Lanvin shop model at Musée Carnavalet

Lanvin shop model at Musée Carnavalet

I went to Paris last weekend with my mum and little sister, a lovely treat from my mum! I’d only been once before and that was for a couple of nights in February (yes for Valentine’s Day, with an ex), it was freezing and we spent one day in Disneyland making time to see the city very limited. So in many ways this felt like my first real experience of Paris, and I loved it.

We were staying on the edge of the business district, La Defense. We had a really good value hotel and were able to get the metro into the city each day. We didn’t go with much of a plan, I’d done the Eiffel Tower and The Louvre before but I had some shops I wanted to find and I was keen to do a gallery of some sort. We saw all the sites and ended up doing much more than I expected. We walked a lot!

Some of what we did:

• We went to the Musee Marmottan Monet, a small museum full of Monet and other impressionists. I love Monet, I remember studying him for months for my A-level art coursework, so it was wonderful to see some of his paintings up close. I love his prints but I went for the cheap option, I bought a pretty postcard and then back home bought an old photo frame from a charity shop for less than £1.

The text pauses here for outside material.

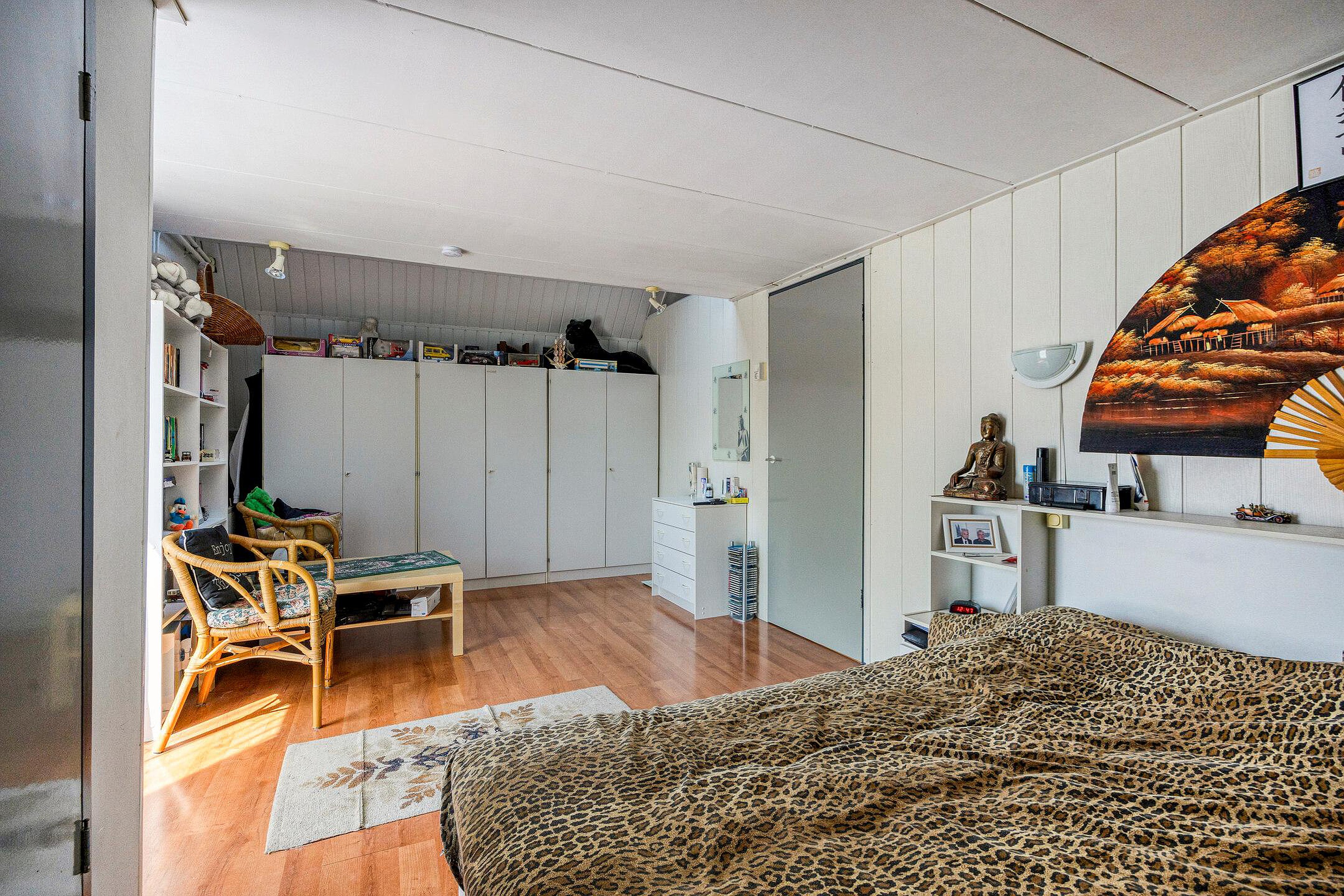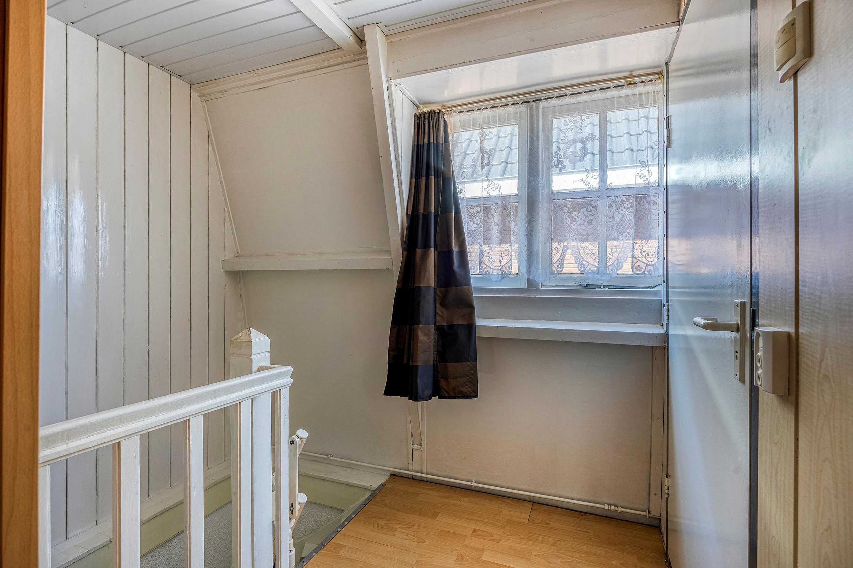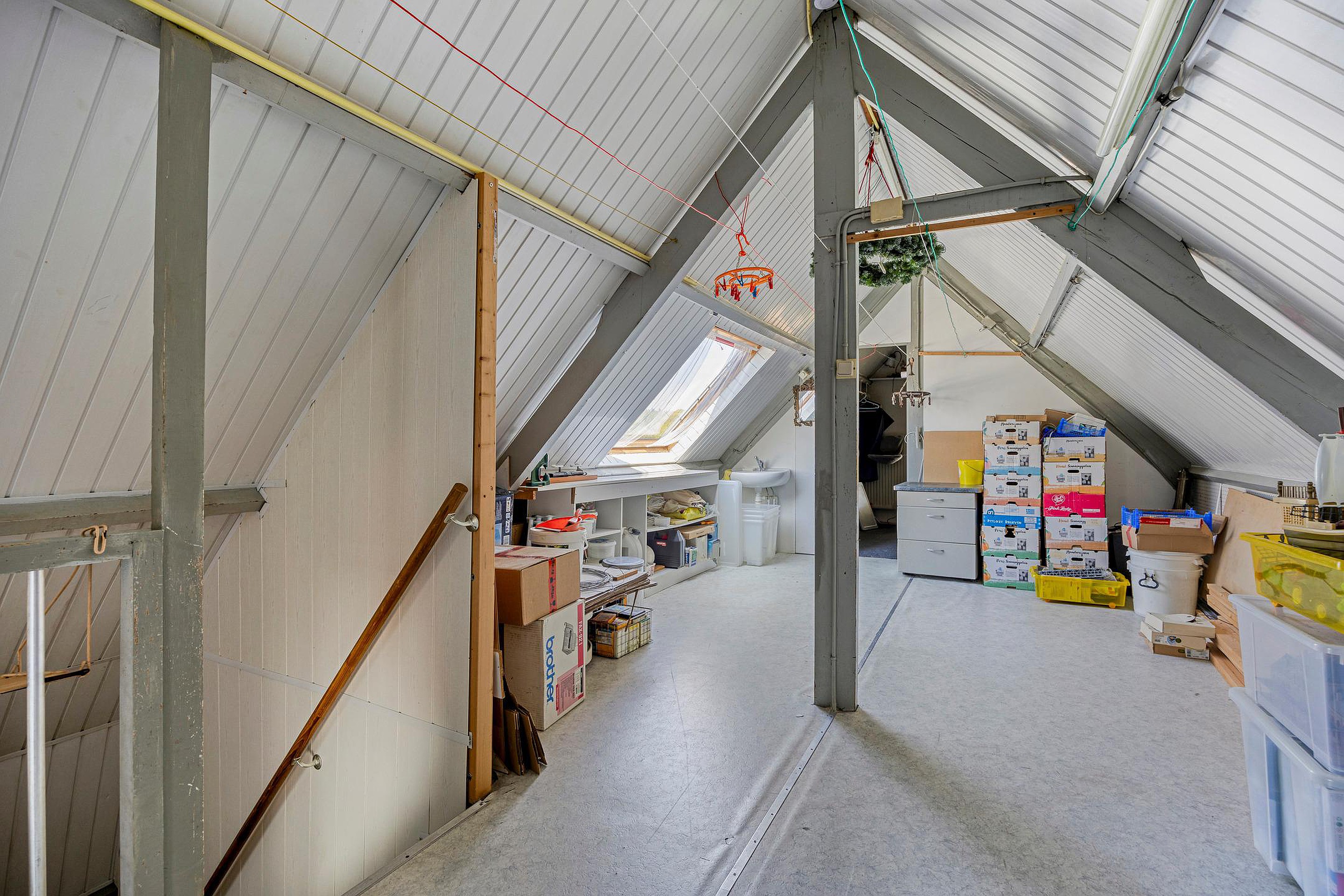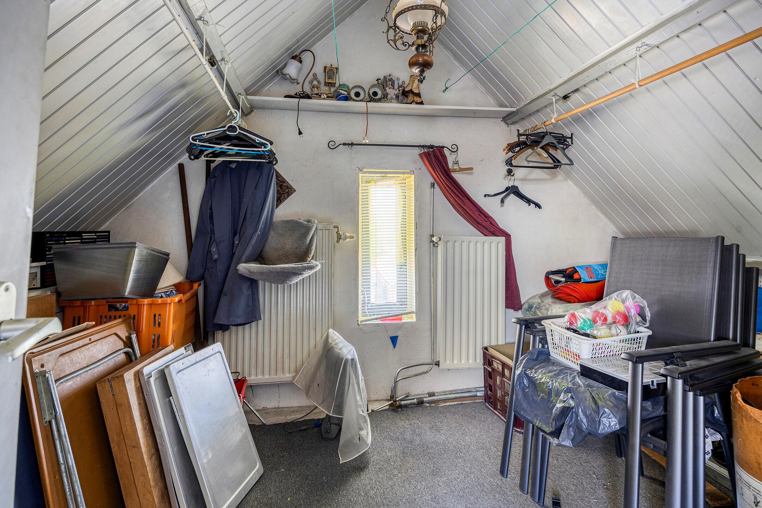 De tweede verdieping is een volwaardige zolderverdieping met een royale ruimte onder de kapconstructie. Er zijn meerdere dakramen aanwezig en de vloeroppervlakte strekt zich uit over de volle breedte van het huis. Deze verdieping leent zich uitstekend voor het creëren van een grote slaapkamer, een werkruimte, speelzolder of zelfs een zelfstandige studio. Ook is er onder de schuine kanten veel bergruimte aanwezig achter knieschotten. Op dit moment zijn er 2 slaap/zolderkamers aanwezig.

• The only thing my little sister couldn’t leave without seeing was Jim Morrison’s grave in the Père Lachaise Cemetery on the edge of Paris. If, like me, you’re not rock ‘n roll enough to know Morrison’s biography, he was lead singer of The Doors and died in Paris in 1971 aged 27. Going to the cemetery was definitely a highlight of my trip. I’ve always found cemeteries interesting anyway, but this one was unlike any I’ve ever seen. It was full of huge tombstones and little chapel buildings almost. Oscar Wilde was there too, he had an odd Egyptian looking monument in his memory.

Jim Morrison's grave was tiny compared to others around it

Jim Morrison’s grave was tiny compared to others around it

• We nosed around the shops. I wanted to find Merci which had been heralded by Time Out as a cool shop full of clothing, jewellery, homeware, books and ethical bits and pieces. Well worth a visit, it had a cafe area too. Lots of things I could have bought but I managed to restrain myself.

The entrance to Merci from above, it's tucked away down a side alley

The entrance to Merci from above, it’s tucked away down a side alley

• We had the most amazing hot chocolate at Angelina’s tearooms. Housed opposite the Louvre, Angelina’s was founded in 1903 as a patisserie and tearooms in a beautiful old building. The hot chocolate tasted just like melted chocolate, with a pot of cream on the side. The management probably won’t be happy with me for sharing this but we were visited by three little mice while we sat at our table. They ran out from the skirting board looking for crumbs. We found it quite entering and oh-so very French.